1 | initial version |

The short answer is that this will depend on the way you defined your unramified extension. If, for instance, you defined it using `Zq`

or `Qq`

applied to $p^n$ for small $p,n$ then what is returned is likely to be a Conway polynomial from a database included in SageMath based on the work of Frank Lübeck.

If there's some other specific case you're interested in, perhaps you can edit your question to include the code that constructs that particular extension.

What follows is "the long answer", or how I found this out, starting from knowing essentially nothing about algebraic number theory or any of SageMath's ANT functionality. Hopefully the description of the steps I took in diving into SageMath's source code will be helpful for you in finding the answers to any similar questions you might have in the future.

Suppose we've defined R as follows:

```
R.<a> = Zq(1024)
```

Then we can type

```
?R.defining_polynomial()
```

to look at the docstring for this particular function.

The resulting output, while somewhat helpful, does not explain what algorithm SageMath is using to compute it. However, it does contain a line pointing to the source code, something like:

```
File: /Applications/SageMath/local/lib/python2.7/site-packages/sage/rings/padics/padic_extension_generic.py
```

Now, it's a bit more convenient to look at this file online in e.g. the github mirror of the SageMath source code. I've linked to the specific line where the definition of `defining_polynomial()`

is here.

In this case, it appears that this code simply returns `_given_poly`

, which is defined in the class `pAdicExtensionGeneric`

as one of the parameters to the class constructor. We never called this directly above; instead, we called `Zq`

, so we should look for the code there.

We find that `Zq`

is defined in `sage/rings/padics/factory.py`

, specifically here. In the documentation to Zq, we find that either the polynomial can be specified by hand, or:

By default, the polynomial chosen is the standard lift of the generator chosen for $\mathbb{F}_q$.

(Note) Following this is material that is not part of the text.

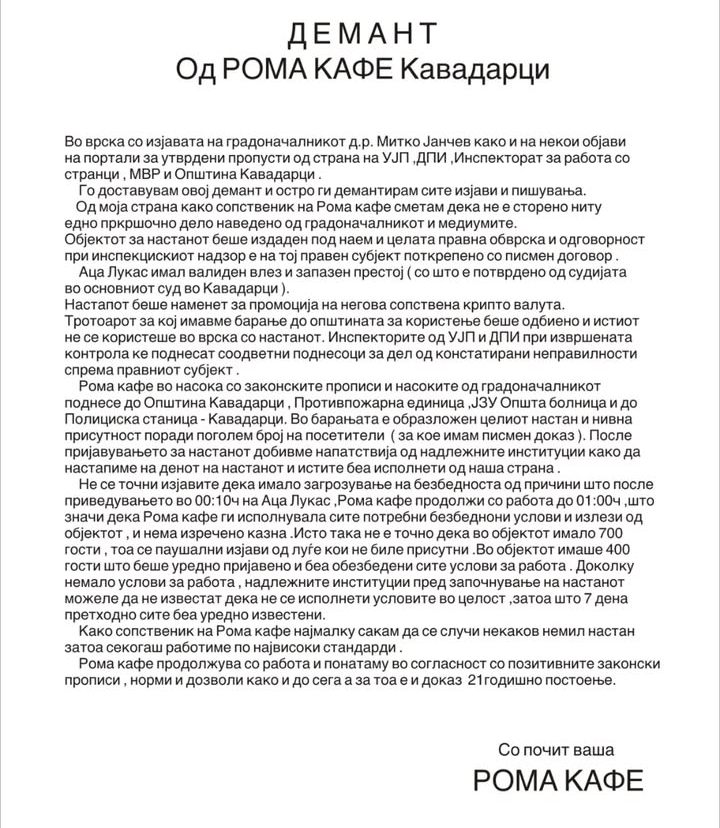 Kaфе „Рома“ од Кавадарци каде викендот настапи Аца Лукас и беше прекинат поради неколку пропусти во организацијата излезе со соопштение во кое нагласуваат дека кај нив нема никаква вина за она што се случило.

In fact, we could have skipped some of the code-diving above as SageMath's reference site has a thematic tutorial on p-adics, see the documentation of `Zq`

on the second page.

However, to find the details of the "generator chosen for $\mathbb{F}_q$", we must return to the code:

The code implementing this can be found here, which uses the `modulus()`

function in the `FiniteField`

class in `sage/rings/finite_rings/finite_field_constructor.py`

.

Looking at the relevant part of that code, we see that `modulus()`

is constructed from `R.irreducible_element(n)`

where `R = PolynomialRing(FiniteField(p), 'x')`

and where $p,n$ are $2,10$ respectively because the order we chose above was 1024.

If we look at the code for the class `PolynomialRing`

, we find that its definition is split into different cases, and the relevant one here is `PolynomialRing_dense_mod_p`

. The function `irreducible_element()`

is defined within and we see that the default polynomial returned in this case comes from `sage/rings/finite_rings/conway_polynomials.py`

(here), which in turn relies on `sage/databases/conway.py`

(here), where we finally find the information that the database comes from Frank Lübeck's tables.